ACTIVITY: Exactly reproduce the lines of the listing below from the one containing "そして、ご覧ください!!ステ" through the one containing "Painel junino em formato de bandeirinha". Skip the images.
—————
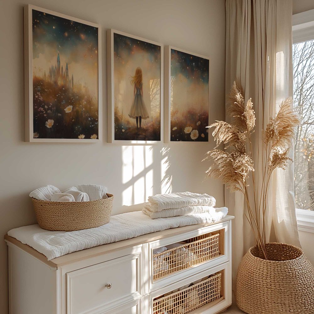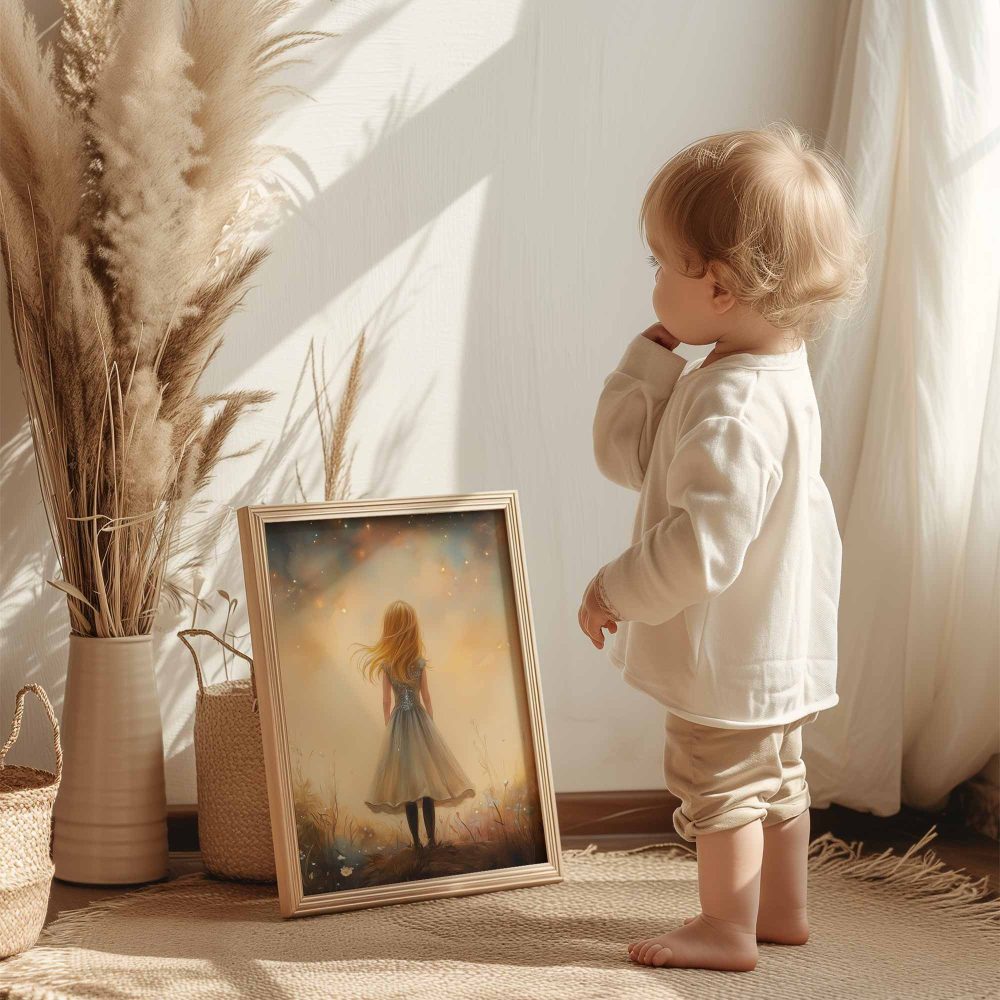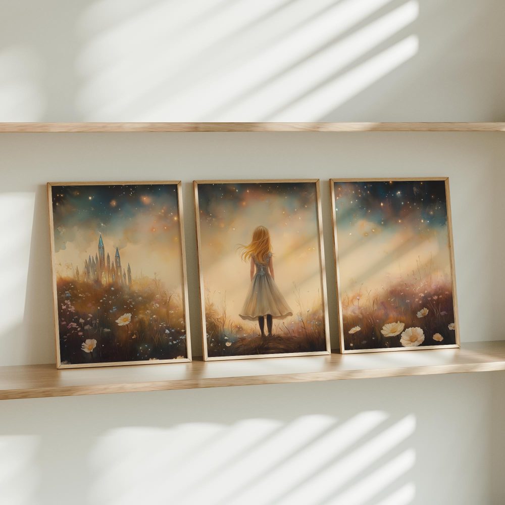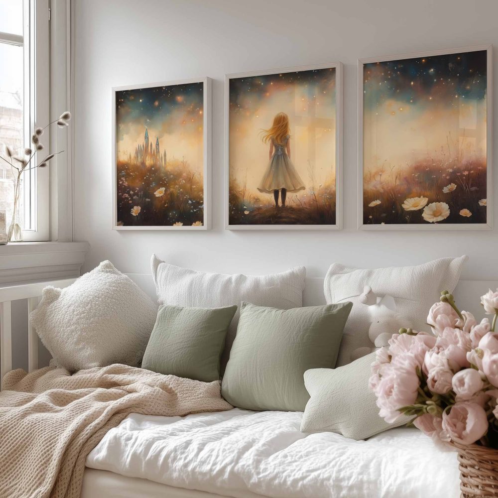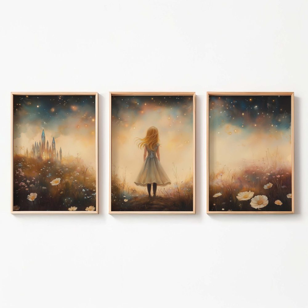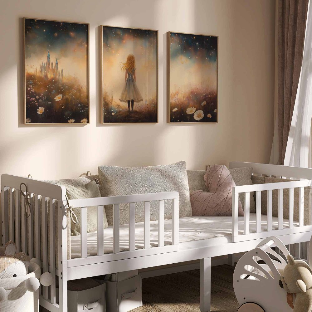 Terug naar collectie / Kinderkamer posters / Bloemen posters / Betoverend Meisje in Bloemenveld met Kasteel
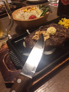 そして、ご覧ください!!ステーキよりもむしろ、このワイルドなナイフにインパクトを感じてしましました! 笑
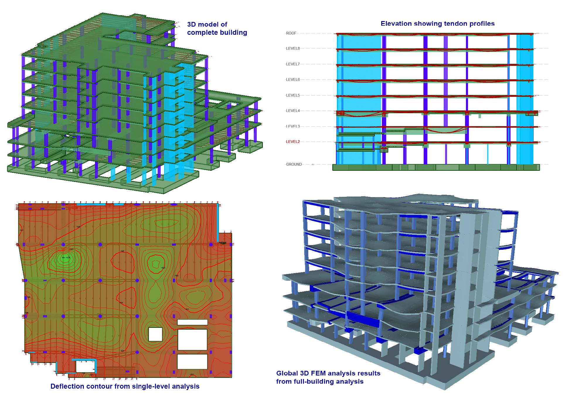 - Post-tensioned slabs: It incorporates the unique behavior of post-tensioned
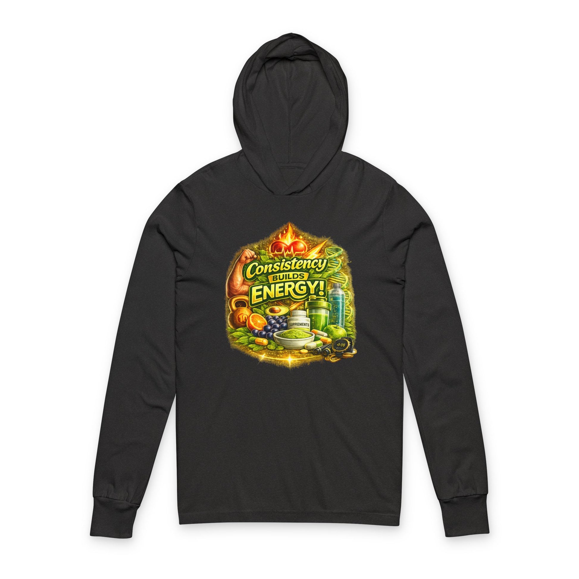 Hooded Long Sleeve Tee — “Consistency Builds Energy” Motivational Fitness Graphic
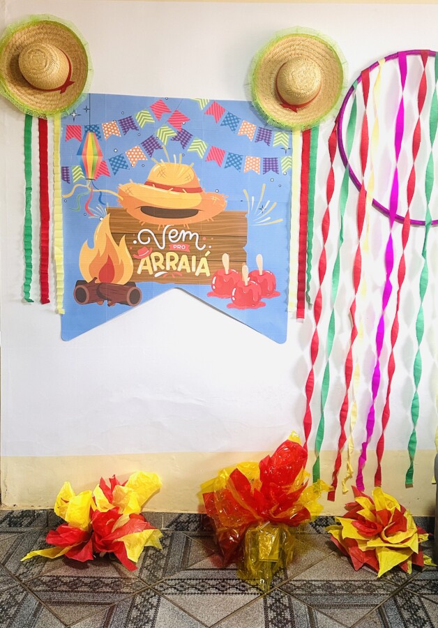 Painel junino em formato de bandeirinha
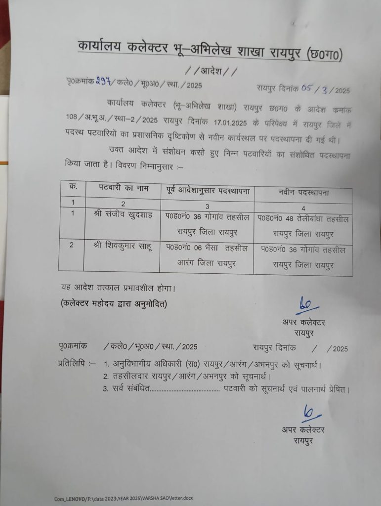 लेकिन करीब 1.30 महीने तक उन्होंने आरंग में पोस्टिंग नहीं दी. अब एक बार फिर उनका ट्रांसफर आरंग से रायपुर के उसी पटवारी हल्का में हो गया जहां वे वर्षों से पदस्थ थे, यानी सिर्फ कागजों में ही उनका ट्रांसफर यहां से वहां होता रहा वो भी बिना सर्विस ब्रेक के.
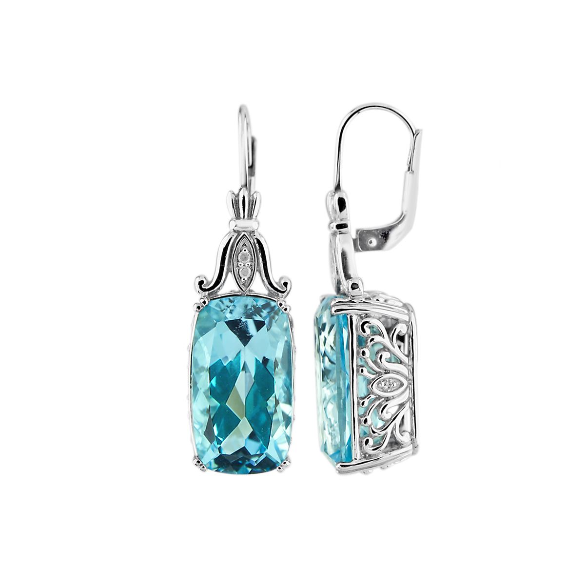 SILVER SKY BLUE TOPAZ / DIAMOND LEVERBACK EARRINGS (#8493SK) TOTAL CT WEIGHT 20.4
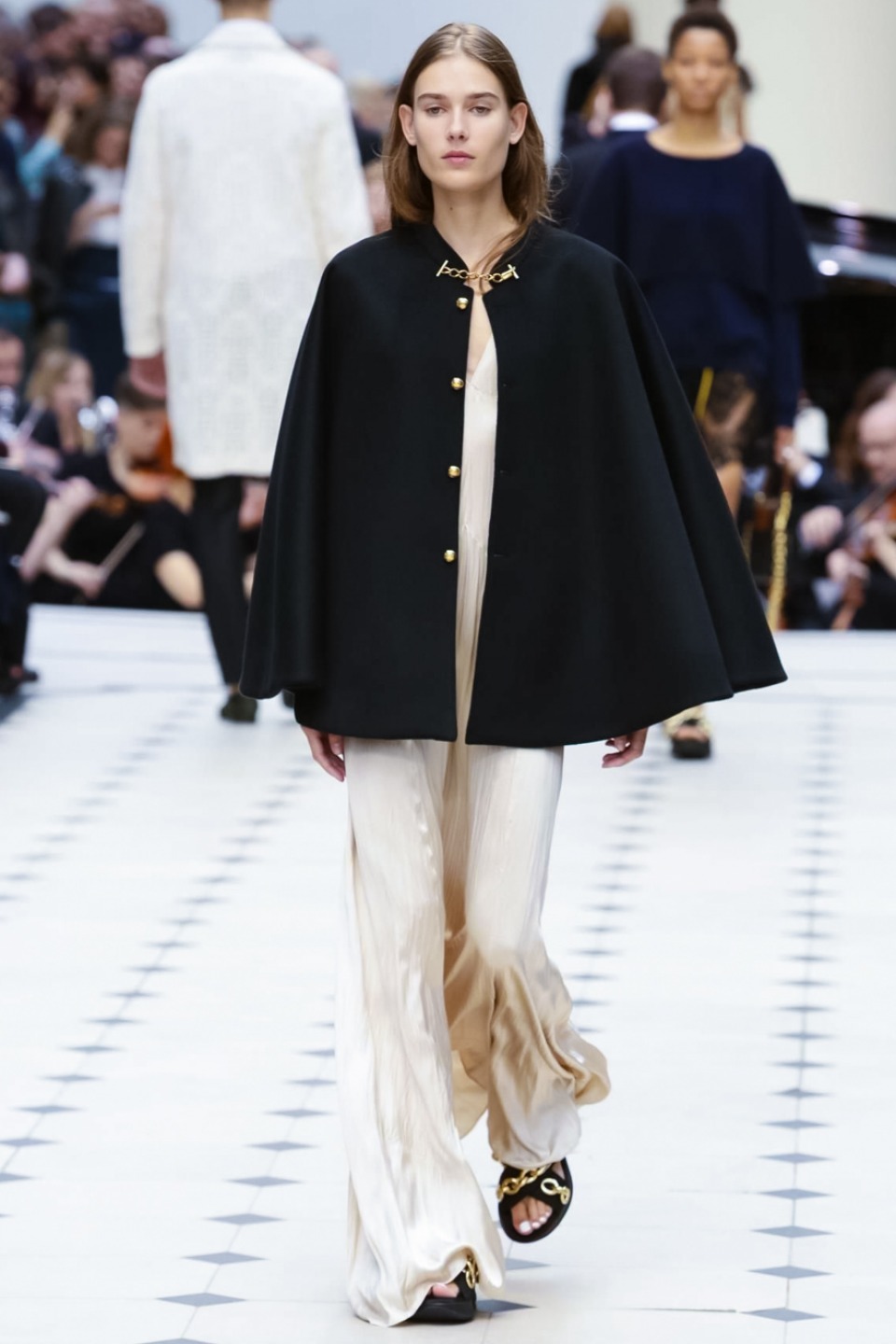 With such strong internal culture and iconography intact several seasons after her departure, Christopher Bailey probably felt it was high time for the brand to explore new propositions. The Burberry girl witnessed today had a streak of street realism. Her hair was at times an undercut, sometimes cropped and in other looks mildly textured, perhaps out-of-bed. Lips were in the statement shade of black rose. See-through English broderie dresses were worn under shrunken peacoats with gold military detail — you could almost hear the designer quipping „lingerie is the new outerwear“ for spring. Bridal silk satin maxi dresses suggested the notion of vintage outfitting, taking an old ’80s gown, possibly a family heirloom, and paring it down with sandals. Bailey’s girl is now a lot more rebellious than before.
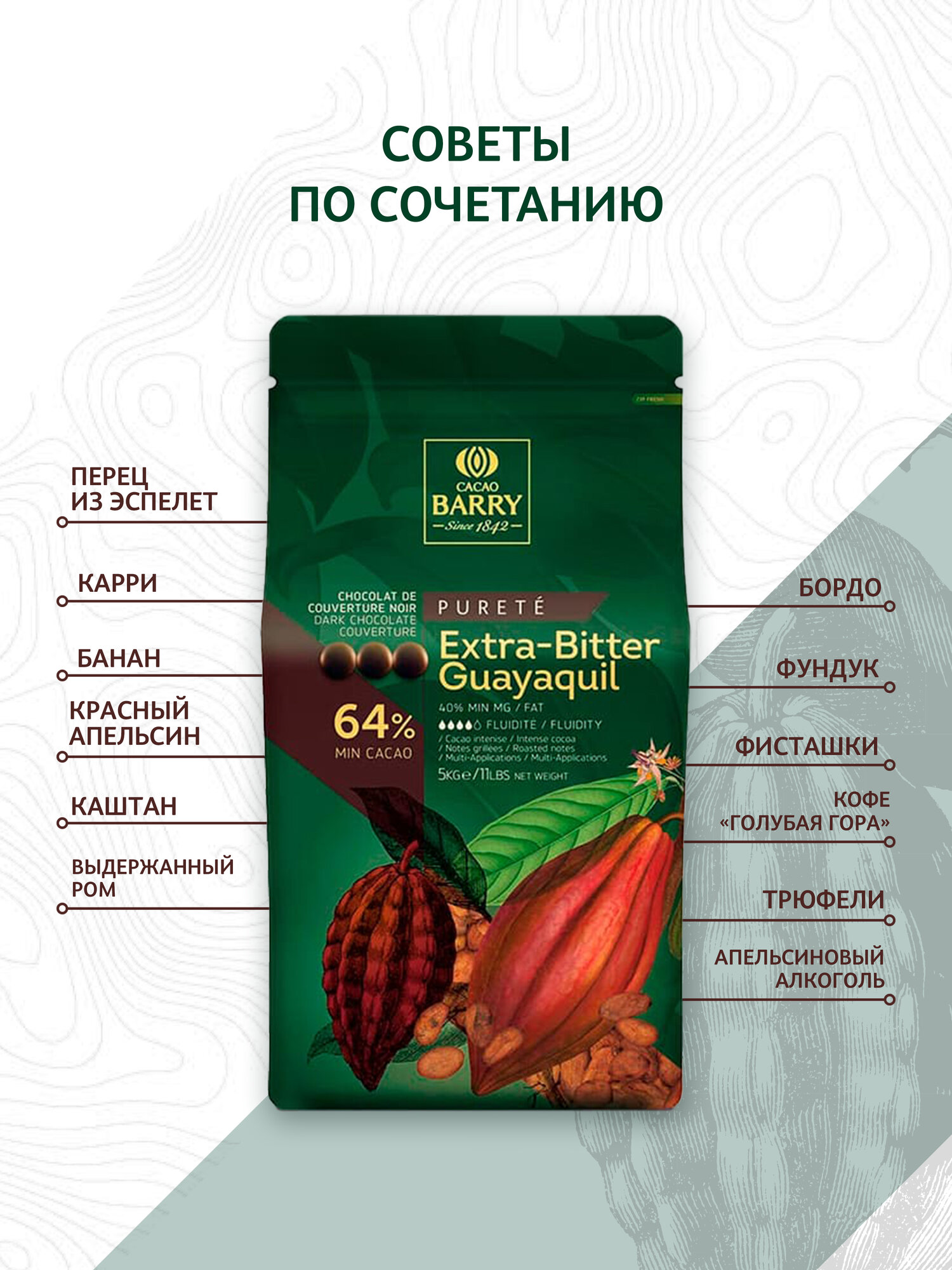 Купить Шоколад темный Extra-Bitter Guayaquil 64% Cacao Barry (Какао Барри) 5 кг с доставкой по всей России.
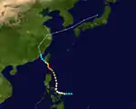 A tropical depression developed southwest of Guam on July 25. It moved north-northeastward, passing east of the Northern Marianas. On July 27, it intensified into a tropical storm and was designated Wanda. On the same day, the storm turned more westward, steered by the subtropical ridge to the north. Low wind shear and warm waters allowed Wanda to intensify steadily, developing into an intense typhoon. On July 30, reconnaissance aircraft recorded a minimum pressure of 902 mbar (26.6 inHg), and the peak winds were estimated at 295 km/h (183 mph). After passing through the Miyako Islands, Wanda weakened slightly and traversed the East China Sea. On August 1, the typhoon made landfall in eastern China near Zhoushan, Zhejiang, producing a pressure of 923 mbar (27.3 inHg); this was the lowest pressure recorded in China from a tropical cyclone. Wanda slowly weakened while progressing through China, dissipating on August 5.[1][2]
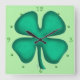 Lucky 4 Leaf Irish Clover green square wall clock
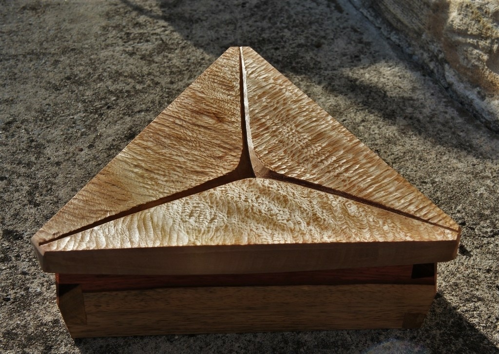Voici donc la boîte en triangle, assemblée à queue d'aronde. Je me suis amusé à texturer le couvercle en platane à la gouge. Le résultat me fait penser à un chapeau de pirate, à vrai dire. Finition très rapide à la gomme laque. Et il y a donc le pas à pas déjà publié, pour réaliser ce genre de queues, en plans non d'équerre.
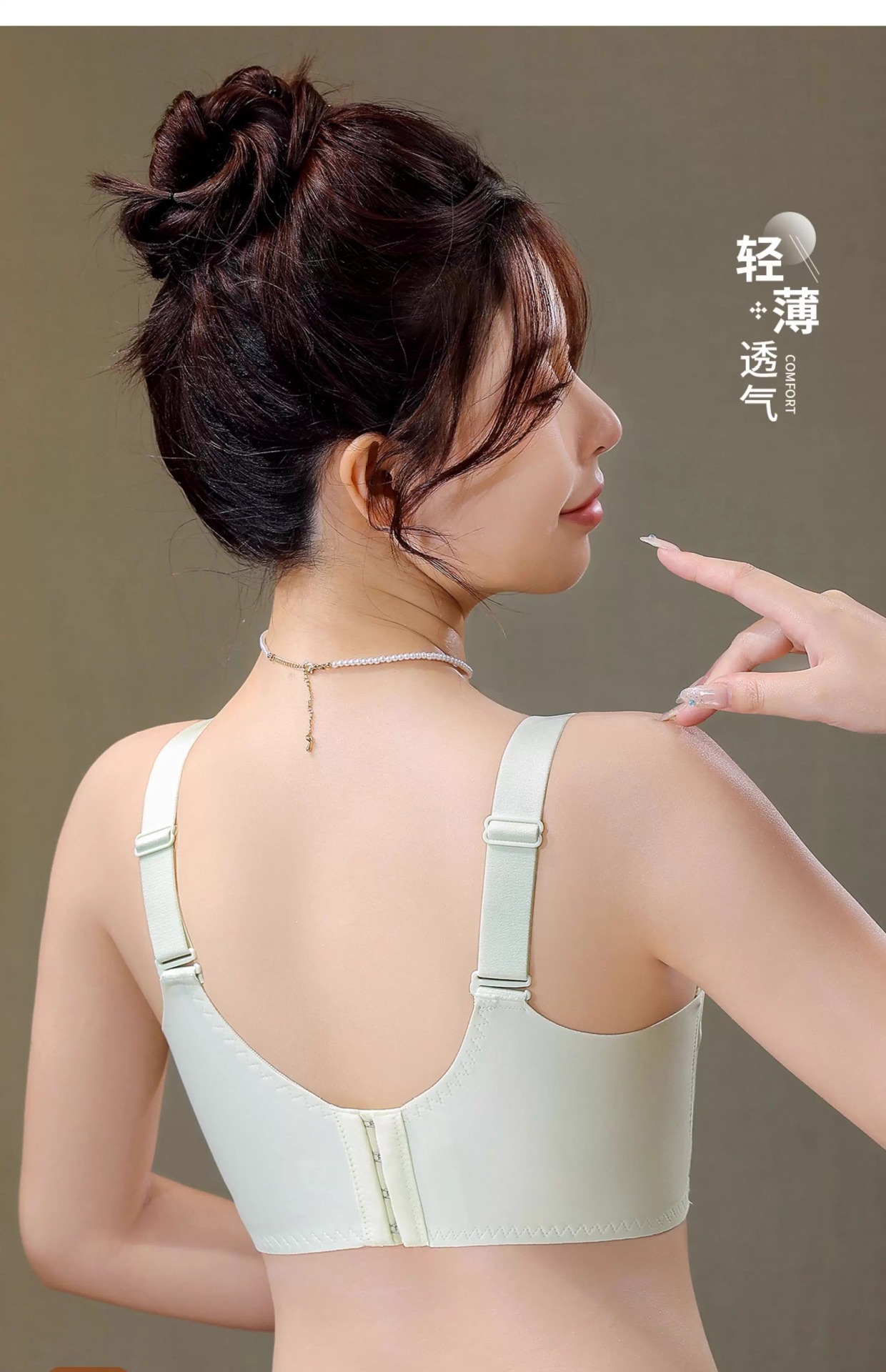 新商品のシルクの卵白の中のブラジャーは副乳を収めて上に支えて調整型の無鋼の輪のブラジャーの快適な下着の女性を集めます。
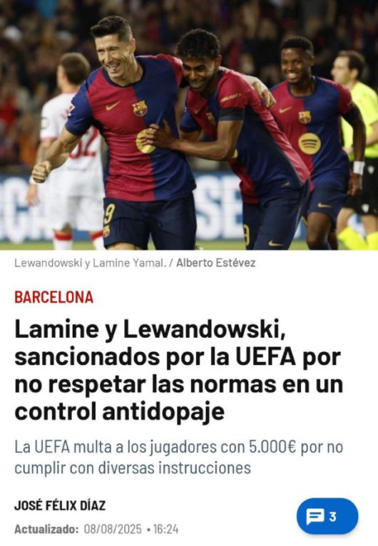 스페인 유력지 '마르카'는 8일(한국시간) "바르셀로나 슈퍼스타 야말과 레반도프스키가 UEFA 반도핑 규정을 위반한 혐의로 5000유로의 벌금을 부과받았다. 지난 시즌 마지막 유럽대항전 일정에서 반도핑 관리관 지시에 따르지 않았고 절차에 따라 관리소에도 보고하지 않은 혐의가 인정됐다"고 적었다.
—————
SOLUTION FOR THIS TASK:
 そして、ご覧ください!!ステーキよりもむしろ、このワイルドなナイフにインパクトを感じてしましました! 笑
 - Post-tensioned slabs: It incorporates the unique behavior of post-tensioned
 Hooded Long Sleeve Tee — “Consistency Builds Energy” Motivational Fitness Graphic
 Painel junino em formato de bandeirinha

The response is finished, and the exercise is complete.